*Task statement*: Each entry should be restated word for word, with all pictures left out.

*Provided material*:

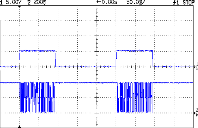 The burst in the top trace shows the five SPI writes to the DDS (one pulse per byte, with the hardware handling the serialization) and the bottom trace shows four I²C bus writes to the DAC:
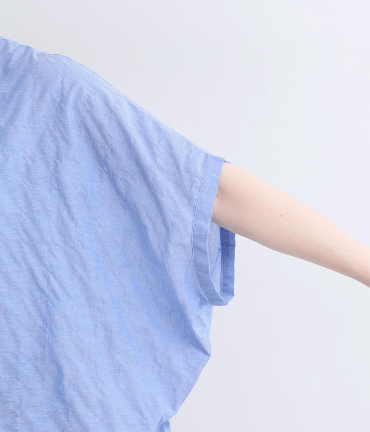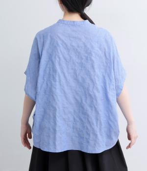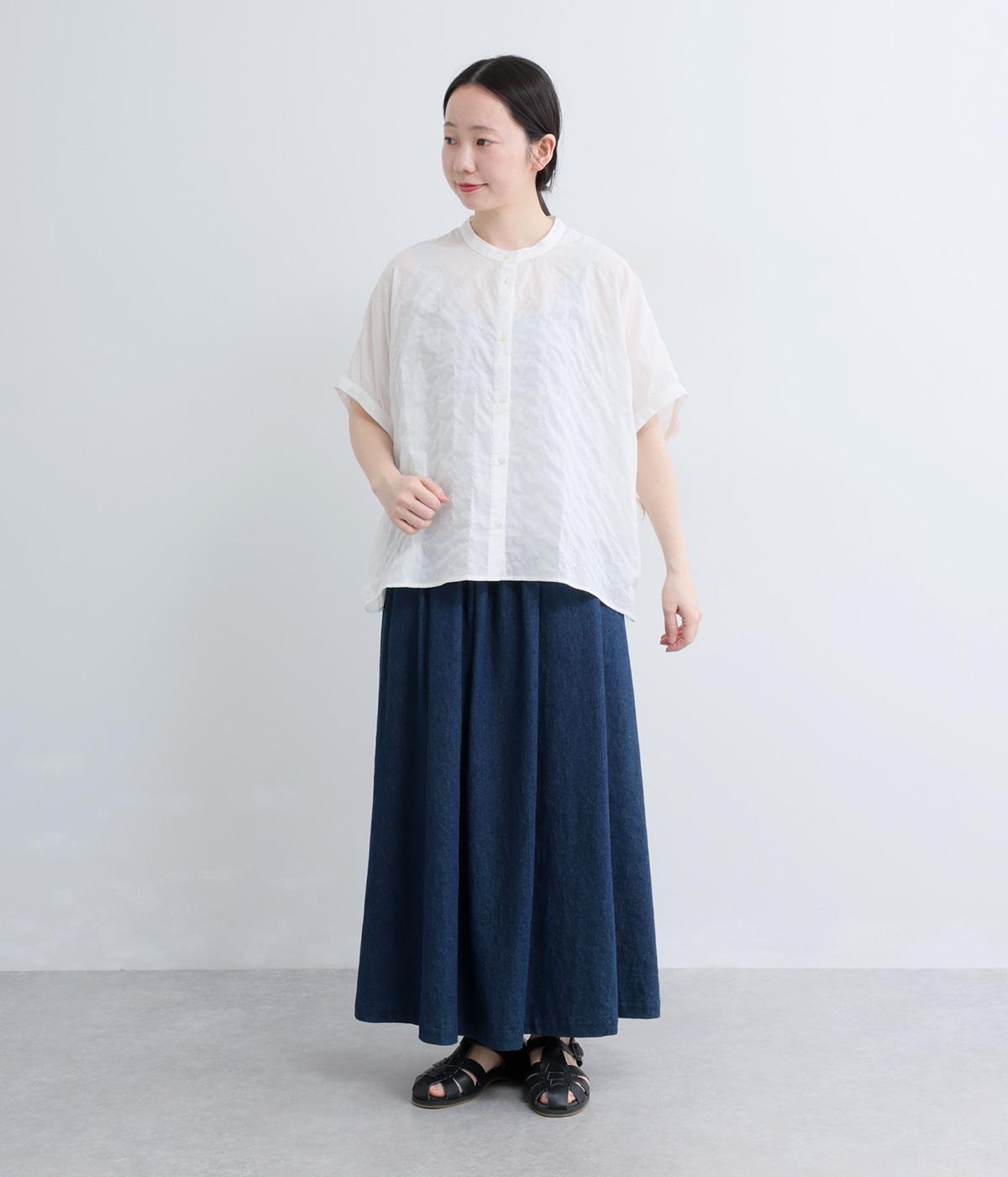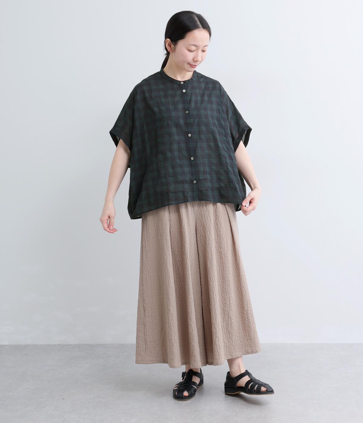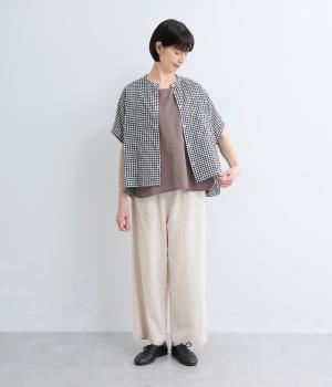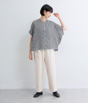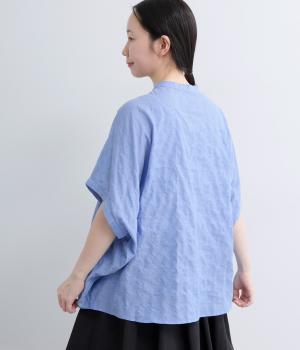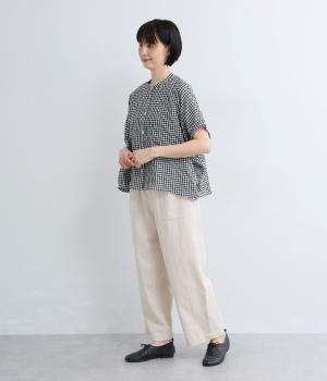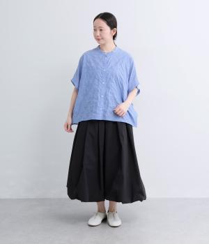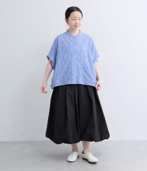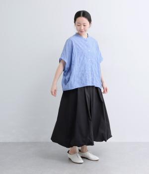 平織り裾リボンシャーリング7分袖シャツ
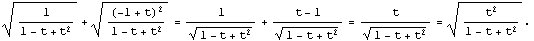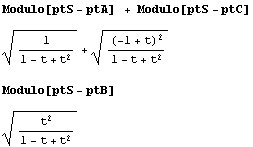 La igualdad SA + SC = SB se cumple porque, al estar Q en la prolongación de AC, es t>1, y por tanto también es
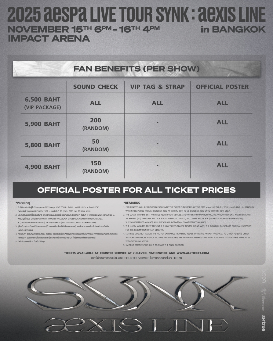 เมื่อความร่วมมือระหว่าง aespa (เอสป้า) และ MY (มาย) เริ่มต้นขึ้น แกนกลางที่อยู่เหนือทุกจินตนาการจะถูกค้นพบอย่างน่าตื่นตาตื่นใจที่สุดในวันที่มีความหมายอันน่าจดจำนี้ ณ คอนเสิร์ต ‘2025 aespa LIVE TOUR – SYNK : aeXIS LINE – in BANGKOK’ เปิดจำหน่ายบัตรรอบสมาชิก “MY” Membership (GL) Pre-Sale ในวันศุกร์ที่ 3 ตุลาคม 2025 เวลา 19:00 น. – 23:59 น., รอบสมาชิก JOY CLUB Pre-Sale วันเสาร์ที่ 4 ตุลาคม 2025 เวลา 11:00 น. – 15:59 น. และรอบบุคคลทั่วไป วันอาทิตย์ที่ 5 ตุลาคม 2025 ตั้งแต่เวลา 11:00 น. เป็นต้นไป ทางเคาน์เตอร์เซอร์วิสในร้าน 7-Eleven ทุกสาขาทั่วประเทศ และทางเว็บไซต์ www.allticket.com/event/aespa_SYNK_aeXISLINE_in_BANGKOK บัตรราคา 6,500 (VIP PACKAGE) / 5,900 (บัตรยืน) / 5,800 / 4,900 (บัตรยืน) / 3,900 / 2,900 / 2,200 บาท พร้อมสิทธิพิเศษสำหรับผู้ซื้อบัตร ติดตามข่าวสารและรายละเอียดเพิ่มเติมของคอนเสิร์ตได้ทางบัญชีโซเชียลมีเดียต่าง ๆ ของ SM True : เฟซบุ๊ก facebook.com/smtruethailand, อินสตาแกรม instagram.com/smtruethailand, เอ็กซ์ x.com/SMTrueThailand และ TikTok (ติ๊กต๊อก) tiktok.com/@smtruethailand สอบถามข้อมูลเพิ่มเติมเกี่ยวกับการซื้อบัตรได้ทาง Counter Service : อีเมล support@allticket.com และไลน์ออฟฟิเชียล @counterservice
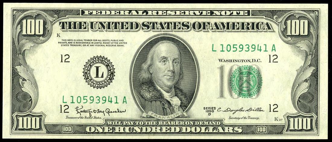 Fr.2161-L. $100. Federal Reserve Note. 1950D. No. L10593941A. PMG Gem Uncirculated 66 EPQ.
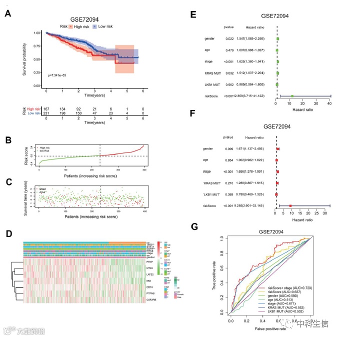 为了独立确认风险特征,我们将七基因预后特征应用于 GEO 数据库 ( GSE72094 ) 中的独立肺癌队列。
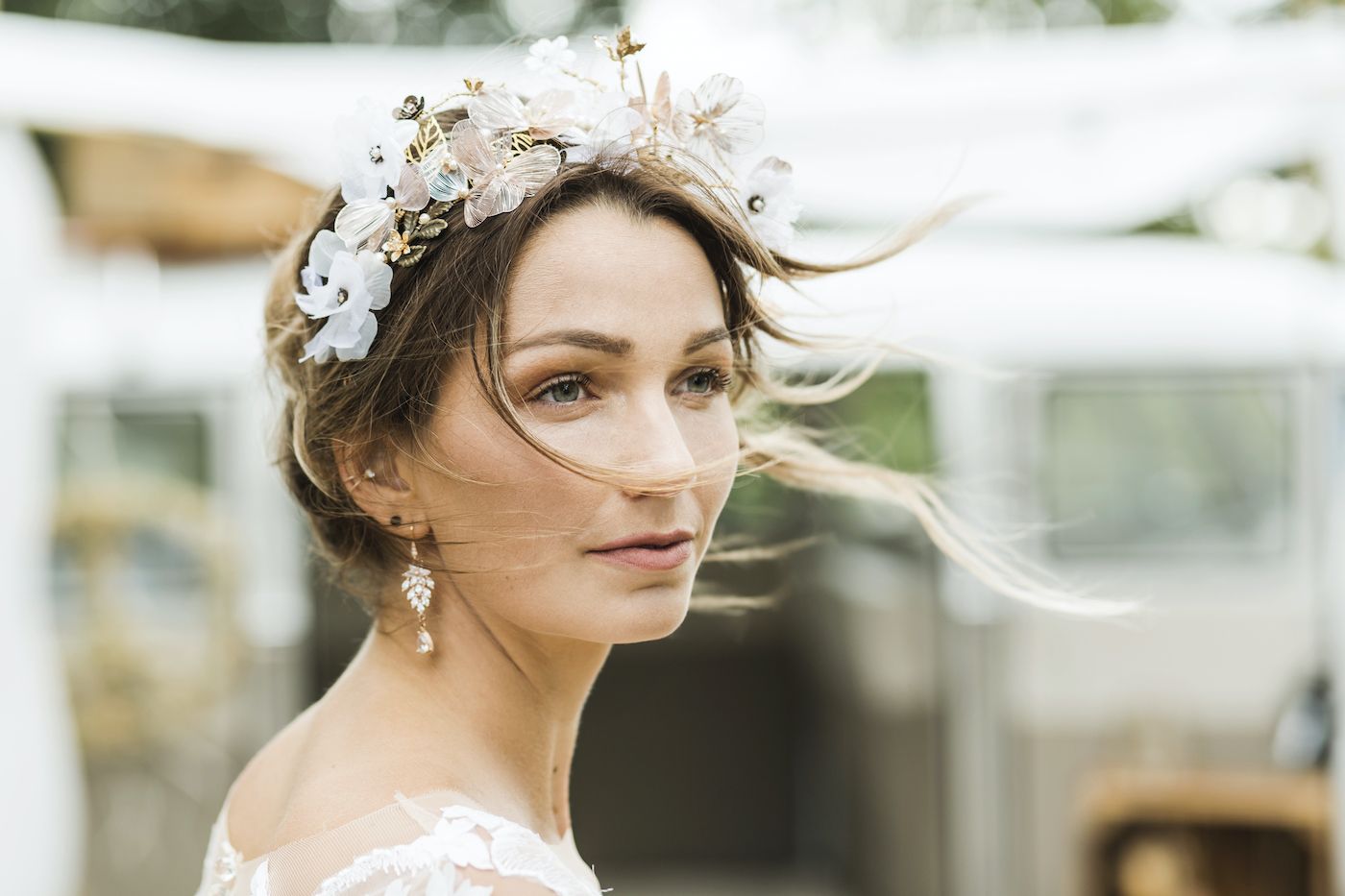 Eigenschaften: eingenähtes Mieder, Spitzen-Verzierungen, 3D-Blüten, Federn, lange Ärmel, Tüll-Rock, Rock mit Verzierungen, mit Schleppe
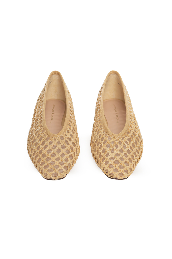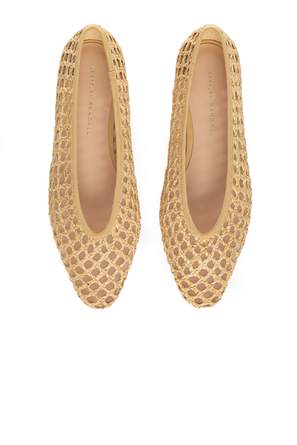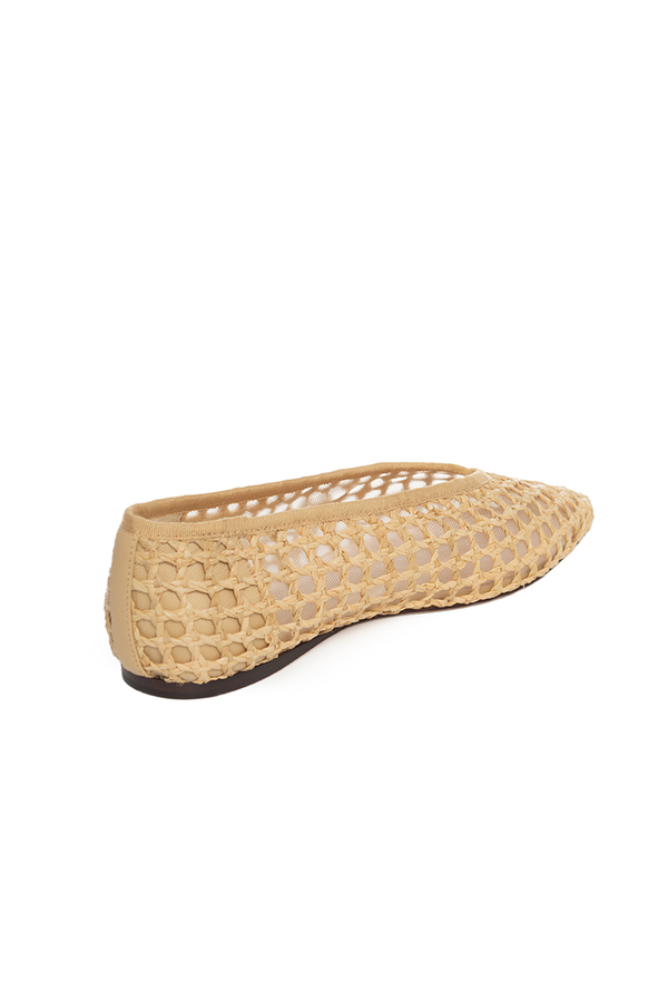 - Балетки із рафії з квадратним носком, плетений дизайн, м'яка устілка із золотим тисненим логотипом

*Problem solution*:
 The burst in the top trace shows the five SPI writes to the DDS (one pulse per byte, with the hardware handling the serialization) and the bottom trace shows four I²C bus writes to the DAC:
 平織り裾リボンシャーリング7分袖シャツ
 La igualdad SA + SC = SB se cumple porque, al estar Q en la prolongación de AC, es t>1, y por tanto también es
 เมื่อความร่วมมือระหว่าง aespa (เอสป้า) และ MY (มาย) เริ่มต้นขึ้น แกนกลางที่อยู่เหนือทุกจินตนาการจะถูกค้นพบอย่างน่าตื่นตาตื่นใจที่สุดในวันที่มีความหมายอันน่าจดจำนี้ ณ คอนเสิร์ต ‘2025 aespa LIVE TOUR – SYNK : aeXIS LINE – in BANGKOK’ เปิดจำหน่ายบัตรรอบสมาชิก “MY” Membership (GL) Pre-Sale ในวันศุกร์ที่ 3 ตุลาคม 2025 เวลา 19:00 น. – 23:59 น., รอบสมาชิก JOY CLUB Pre-Sale วันเสาร์ที่ 4 ตุลาคม 2025 เวลา 11:00 น. – 15:59 น. และรอบบุคคลทั่วไป วันอาทิตย์ที่ 5 ตุลาคม 2025 ตั้งแต่เวลา 11:00 น. เป็นต้นไป ทางเคาน์เตอร์เซอร์วิสในร้าน 7-Eleven ทุกสาขาทั่วประเทศ และทางเว็บไซต์ www.allticket.com/event/aespa_SYNK_aeXISLINE_in_BANGKOK บัตรราคา 6,500 (VIP PACKAGE) / 5,900 (บัตรยืน) / 5,800 / 4,900 (บัตรยืน) / 3,900 / 2,900 / 2,200 บาท พร้อมสิทธิพิเศษสำหรับผู้ซื้อบัตร ติดตามข่าวสารและรายละเอียดเพิ่มเติมของคอนเสิร์ตได้ทางบัญชีโซเชียลมีเดียต่าง ๆ ของ SM True : เฟซบุ๊ก facebook.com/smtruethailand, อินสตาแกรม instagram.com/smtruethailand, เอ็กซ์ x.com/SMTrueThailand และ TikTok (ติ๊กต๊อก) tiktok.com/@smtruethailand สอบถามข้อมูลเพิ่มเติมเกี่ยวกับการซื้อบัตรได้ทาง Counter Service : อีเมล support@allticket.com และไลน์ออฟฟิเชียล @counterservice
 Fr.2161-L. $100. Federal Reserve Note. 1950D. No. L10593941A. PMG Gem Uncirculated 66 EPQ.
 为了独立确认风险特征,我们将七基因预后特征应用于 GEO 数据库 ( GSE72094 ) 中的独立肺癌队列。
 Eigenschaften: eingenähtes Mieder, Spitzen-Verzierungen, 3D-Blüten, Federn, lange Ärmel, Tüll-Rock, Rock mit Verzierungen, mit Schleppe
 - Балетки із рафії з квадратним носком, плетений дизайн, м'яка устілка із золотим тисненим логотипом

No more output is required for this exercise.